Publishers and booksellers are among the first ‘readers’ of a play . The strategies they use to market a playbook can tell us something about their interpretation of the play and its genre. Stationer Richard Jones played with the flexibility of dramatic genres in classifying Marlowe’s Tamburlaine (1590) variously as a comedy, tragedy, and history, and emphasized his own role in streamlining the play for its ‘Gentleman Readers’. Indeed, the influential categorization of Shakespeare’s plays in the First Folio (1623) may have originated with the syndicate of publishers who invested in the venture, rather than with Shakespeare’s former colleagues, John Heminges and Henry Condell.
The practices of these ‘professional’ readers are particularly significant because they influenced the survival of plays from the early modern stages and the refashioning of these plays as books. But the experiences of private individuals who purchased, collected, and read playbooks are also important to consider. I am interested in whether a study of private readers can help us understand the early modern history play and how it was defined and used during the period. Can the collecting practices of these varied readers (some of whom might not have actually read all of their playbooks) offer a way of approaching the history play?

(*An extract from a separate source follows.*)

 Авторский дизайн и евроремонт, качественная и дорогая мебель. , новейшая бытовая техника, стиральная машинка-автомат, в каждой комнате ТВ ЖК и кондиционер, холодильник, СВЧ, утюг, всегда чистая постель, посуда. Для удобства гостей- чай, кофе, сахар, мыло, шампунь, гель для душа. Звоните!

During the early modern period, most short publications (including playbooks) were sold unbound. When prospective buyers browsed the London bookstalls, they leafed through printed texts that were stab-stitched – that is, the folded and arranged sheets were loosely stitched together, rather than being ready-bound as books. It was up to buyers to decide how to bind their books, a process which often involved the selection and arrangement of different short publications into one volume. Such volumes containing separately prepared texts are called Sammelbände and they offer an insight into the buying and collecting practices of early readers, including how the individual texts within a volume might have been interpreted by their owners.

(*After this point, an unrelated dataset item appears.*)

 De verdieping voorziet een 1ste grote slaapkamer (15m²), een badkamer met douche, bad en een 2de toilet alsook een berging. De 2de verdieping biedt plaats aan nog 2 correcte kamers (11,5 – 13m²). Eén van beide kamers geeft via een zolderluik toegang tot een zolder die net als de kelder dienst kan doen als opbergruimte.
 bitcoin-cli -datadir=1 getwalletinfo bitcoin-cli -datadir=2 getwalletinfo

Can Sammelbände help us understand the history play and the ways in which readers might have drawn connections between plays dramatizing different historical pasts? Possibly – although the arrangement of plays in collections offers the potential for a wide range of interpretations. It can also be difficult to trace the provenance of playbooks and how they were bound by their early owners. Some sixteenth- and seventeenth-century Sammelbände are still preserved, but many have been broken up, their constituent texts dispersed and often rebound individually. This is frequently the case when the Sammelband has included a text by Shakespeare. The value that Shakespeare’s works have accrued over the past four centuries has accelerated the break-up of Sammelbände containing early editions of his texts, or has led to the excision of Shakespeare’s works from bound volumes. For example, The British Library preserves an eighteenth-century Sammelband (BL C.21.b.40, see Figure 2), once owned by David Garrick, that features a selection of play editions published between 1573 and 1599 . As indicated by the contents list, the volume once contained an edition of Shakespeare’s Pericles (from 1635), which has been removed and rebound individually (as BL C.34.k.41). Interestingly, the Sammelband still contains a copy of the apocryphal Edward III (in its second edition from 1599), reflecting the play’s uncertain place within Shakespeare’s canon. The volume also features another manuscript list (appearing on the final leaf of Antonio’s Revenge, see Figure 1), which indicates an earlier (seventeenth-century) arrangement of plays and illustrates how readers would reshape and reassess their collections of plays and the interconnections between them.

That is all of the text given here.